Tomás se encogió de hombros. ¿Cómo podía confesar que llevaba meses pensando en otra persona? ¿Que los años compartidos se habían convertido en una carga insoportable? En lugar de responder, dejó los papeles sobre la mesa. — La casa y el coche son tuyos.

Tomás volvió a casa exhausto, pero en su voz se notaba una firme determinación cuando se detuvo en el umbral de la cocina. Rafaela, como siempre, estaba ocupada cocinando y evitaba su mirada. Sentía el peso de las palabras no dichas oprimiéndole la garganta.

— Tenemos que hablar — comenzó, apoyándose en la encimera.

Ella permaneció en silencio, pero sus manos temblaron ligeramente. Sin esperar una respuesta, dijo directamente:
— Quiero el divorcio.

Rafaela se giró lentamente. En sus ojos no había lágrimas, solo una tristeza profunda que parecía atravesarle el alma.
— ¿Por qué? — preguntó en voz baja, como si temiera la respuesta.

Tomás se encogió de hombros. ¿Cómo podía confesar que llevaba meses pensando en otra persona? ¿Que los años compartidos se habían convertido en una carga insoportable? En lugar de responder, dejó los papeles sobre la mesa.
— La casa y el coche son tuyos.

Rafaela tomó los documentos y, tras un instante, los rompió en pedazos.
— No necesito tus cosas — susurró. — Pero tengo una condición.

Tomás arqueó una ceja.
— Durante un mes fingiremos que seguimos siendo una familia. Nuestro hijo se está preparando para la selectividad… — su voz tembló. — Y… cada mañana me llevarás en brazos desde el dormitorio hasta la puerta de entrada.

— ¿Qué? ¡Eso es absurdo! — murmuró, pero asintió. *Solo un mes*, pensó.

A la mañana siguiente, cuando la tomó en brazos, Mateo estalló en carcajadas.
— ¡Papá, parecen recién casados! — Rafaela se apoyó en su esposo, y su aroma — el mismo de siempre — de repente le hizo perder el equilibrio.

Día tras día, Tomás comenzó a notar los detalles: sus hombros frágiles, las ojeras profundas, la forma en que apretaba los dientes cuando creía que nadie la miraba. Una noche la vio probándose un vestido: le colgaba del cuerpo como si fuera una percha.

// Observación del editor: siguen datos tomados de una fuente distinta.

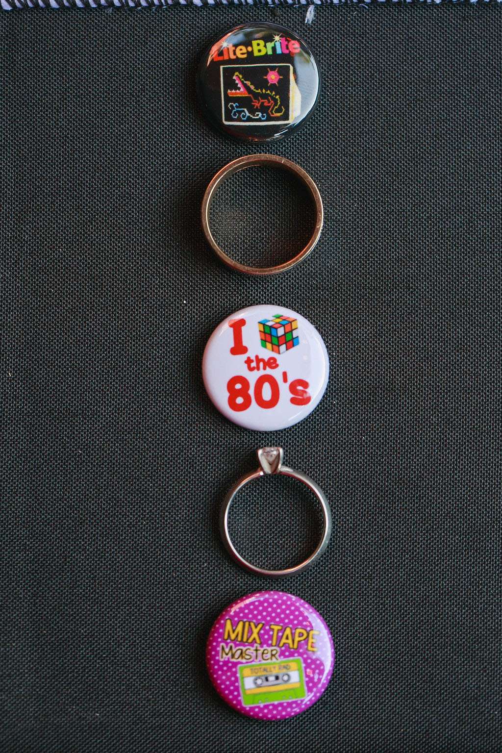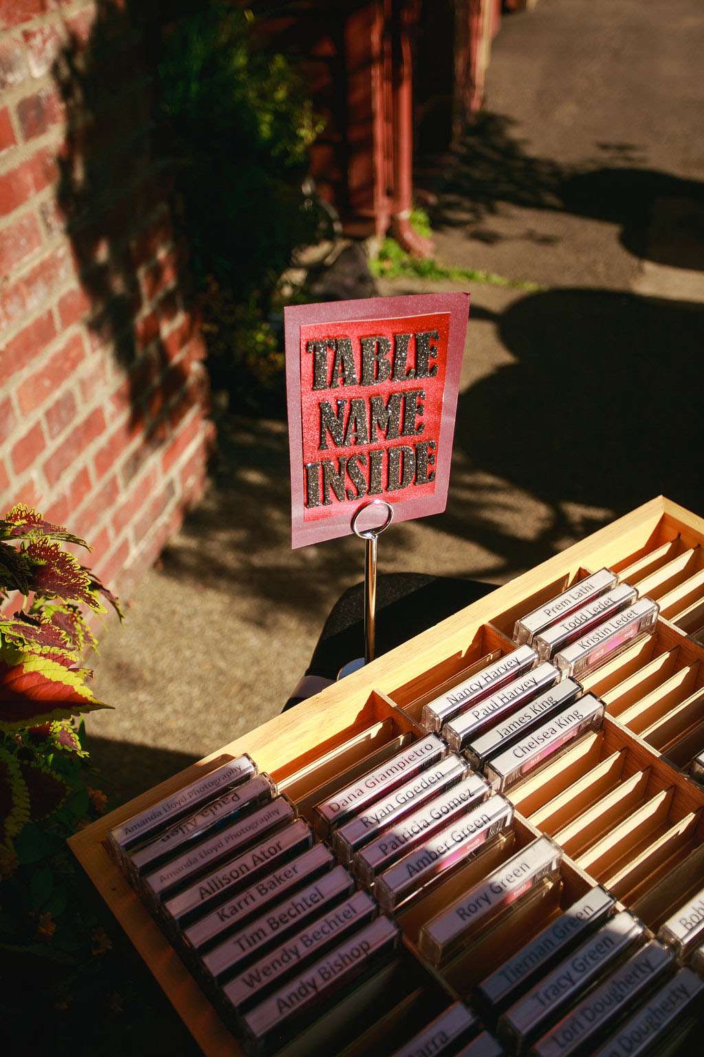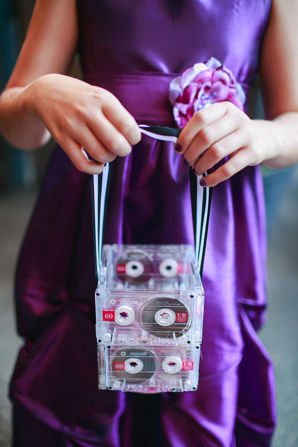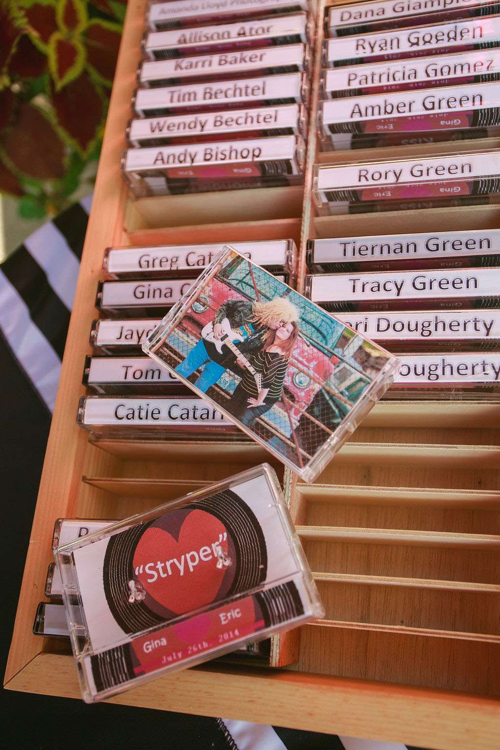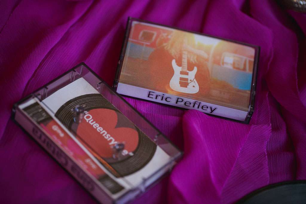 “I was particularly proud of my escort card idea. I created cassette tape holder liners personalised for each guest which indicated their table seating on the inside. I used photographs of us in 80s clothes for the covers!”
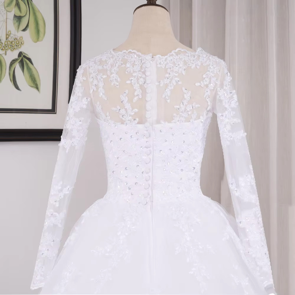 This Princess Ball Gown Wedding Dress features a full skirt, long sleeves, and intricate lace with beaded accents, blending traditional elegance with modern luxury. Designed to flatter every curve, it offers both comfort and a stunning, unforgettable bridal look.
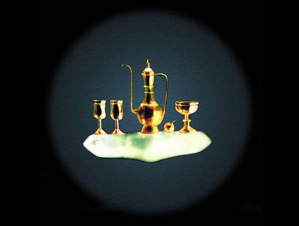 Но это были еще только цветочки. Со временем появились сверхсложные художественные композиции. Рассказывать о них - напрасное дело, их следует хотя бы раз в жизни увидеть и постичь душой. Но постичь не так-то просто. Попробуйте только представить такую фантастическую работу, как золотой фрегат "Памяти Александра Грина". Его длина - 3,5 мм. Модель состоит из 337 деталей. В этой работе выдержан объемный монтаж, уровень которого недостижим для современных технологий. А представьте себе изготовленного из золота комара в натуральную величину. На носу комарика сидит девочка под зонтиком. На одной из ножек едва видно, как свисает туфелька... Так и хочется воскликнуть: "Невероятно! Фантастически! Брависсимо, Маэстро!"
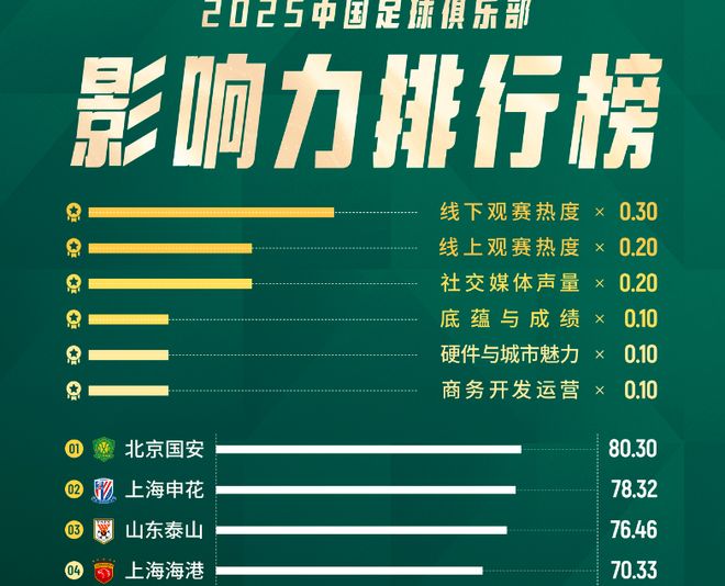 排名第一!北京国安成最具影响力俱乐部,申花第2,3中甲球队上榜
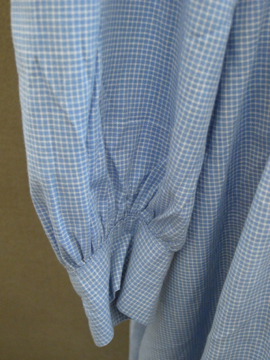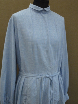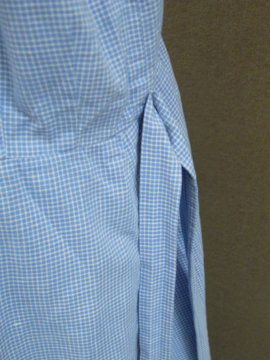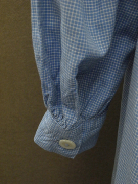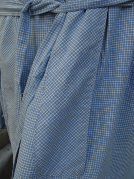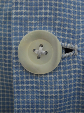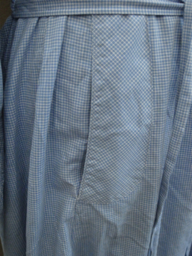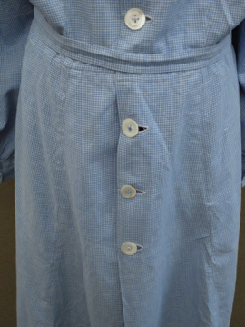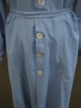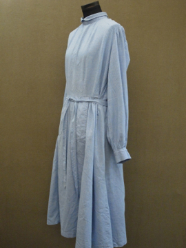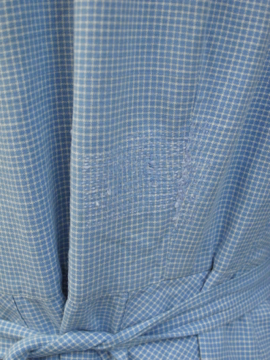 淡いインディゴ染めの糸と白糸のチェック織りのワークドレス。おそらく1940年代頃までにつくられたものです。バックをボタンで留める仕様、ナチュラルな風合いが良い大きめのシェルボタンがついています。ボタンホールは手縫い、所々直しが入っています。ウエスト部分に切り替えが入り、その下のフロント左右にポケットがついています。ベルトはウエスト右に縫い付けられています。フロントの切り替え上あたりに5cm角と2cm角の大きめの直し痕があります。
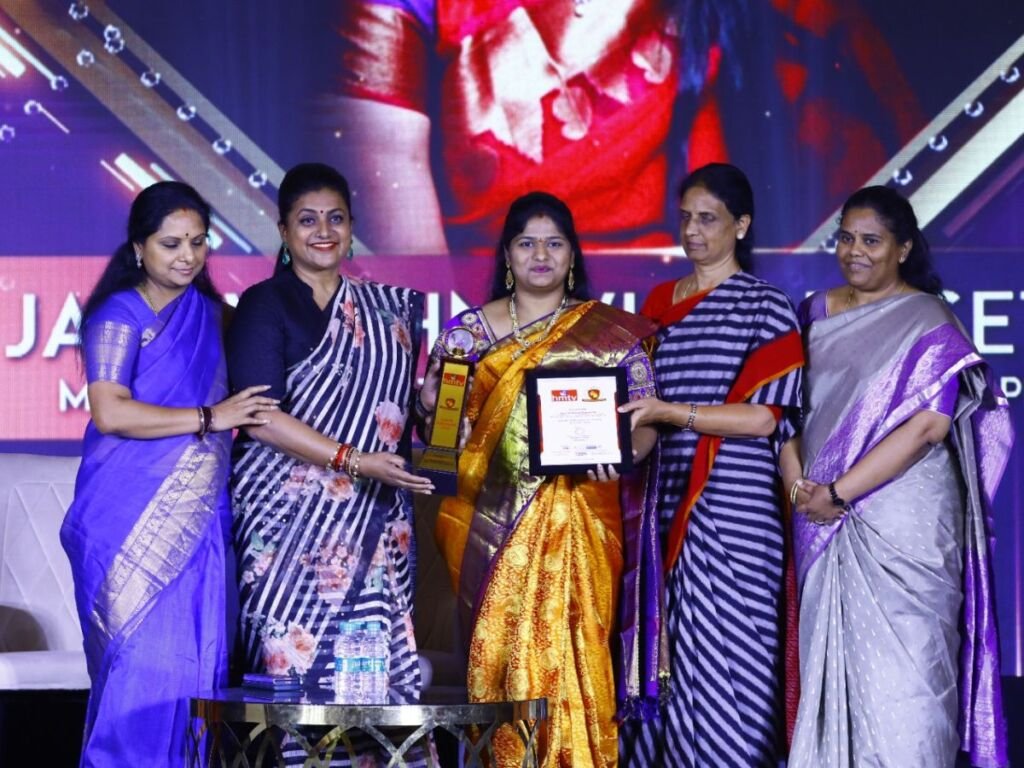 Telangana Education Minister Smt. Sabitha Indra Reddy, BRS MLC Smt. Kavitha, Smt. Roja Selvamani (Minister for Tourism, Culture and Youth Advancement of Andhra Pradesh), and Smt. Laxmi Rao (CEO, HMTV) all attended an extravagant ceremony to felicitate Mrs. Koppisetty Jaya Vyshnavi and recognize her hard work throughout her career.
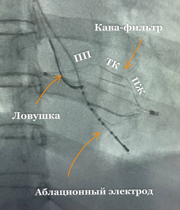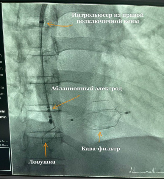 Техника выполнения операции. Выполнена пункция левой подключичной вены, установлен интродьюсер, доведен до уровня правого предсердия. Далее по интродьюсеру был проведен аблационный электрод, чтобы зацепить КФ и подтянуть назад в правое предсердие, однако множественные попытки не дали особого результата, так как фильтр был фиксирован в правом желудочке. Было решено провести десятиполюсный управляемый катетер в правый желудочек и ловушку, после чего была выполнена фиксация КФ (рис. 3) и ее тракция, при этой манипуляции отмечались противодействие тракции и желудочковые аритмии, которые купировались медикаментозно. В результате аккуратными круговыми движениями удалось выполнить смещение КФ в полость правого предсердия, в данной позиции КФ был зафиксирован. Далее выполнена пункция правой подключичной вены, по ней был проведен интродьюсер до правого предсердия для правого коронарного катетера и ловушки. Ловушкой был зафиксирован кончик кава-фильтра и аккуратно удален через правую подключичную вену вместе с интродьюсером (рис. 4).
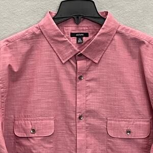 This listing is for a new with tags Alfani Men's XXL Button-Up Shirt in Smudge Cranberry. Long Sleeve, Two Chest Pockets w/Button, 100% Cotton, Machine Washable.
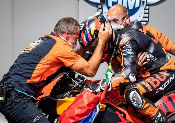 ’immagine che scegliamo, però, ha per protagonista suo fratello Marc, che ha seguito la gara da casa e che ha postato un video su Instagram in cui documenta la sua esultanza. Gli occhi di tutti vanno sul braccio destro dell’otto volte campione del mondo, tenuto praticamente fermo. In tutti si insinua il sospetto che nel recupero di Marc Marquez le cose stiano andando tutt’altro che bene e la stampa spagnola ipotizza la possibilità di un terzo intervento chirurgico. Il GP è segnato anche dall’assenza di Valentino Rossi, rimasto a casa dopo aver contratto il Covid-19.
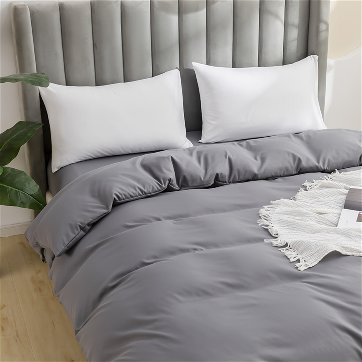 商品名称:2025款跨境外贸纯色磨毛单被套单品床上用品 外贸专供可定制 浅灰

— Has adelgazado mucho — dijo sin pensar, rozándole la mano.

— Es solo el estrés — respondió ella, evitando su mirada.

En la última noche del mes, Rafaela yacía en la cama, respirando con dificultad. Tomás se sentó en el borde.
— ¿Por qué no me lo dijiste? — susurró, acariciando suavemente sus fríos dedos.

Ella esbozó una leve sonrisa.
— Mateo… tenía que creer que todo estaba bien.

Cuando cerró los ojos, el billete para Venecia — el que había comprado *para ella* — seguía en su bolsillo. Lo rompió y lo tiró a la basura.

Al funeral solo asistieron los vecinos. Mateo, sosteniendo la foto de su madre, preguntó:
— ¿Por qué nos dejaste, papá?

Tomás no respondió. Sabía que la verdad — la enfermedad, la infidelidad, los días en que Rafaela escribía cartas de despedida en lugar de luchar — permanecería dentro de él como una daga clavada en lo más profundo del corazón.

**Moraleja:** El amor no muere solo. Somos nosotros quienes dejamos que se apague cuando dejamos de escuchar los latidos del corazón.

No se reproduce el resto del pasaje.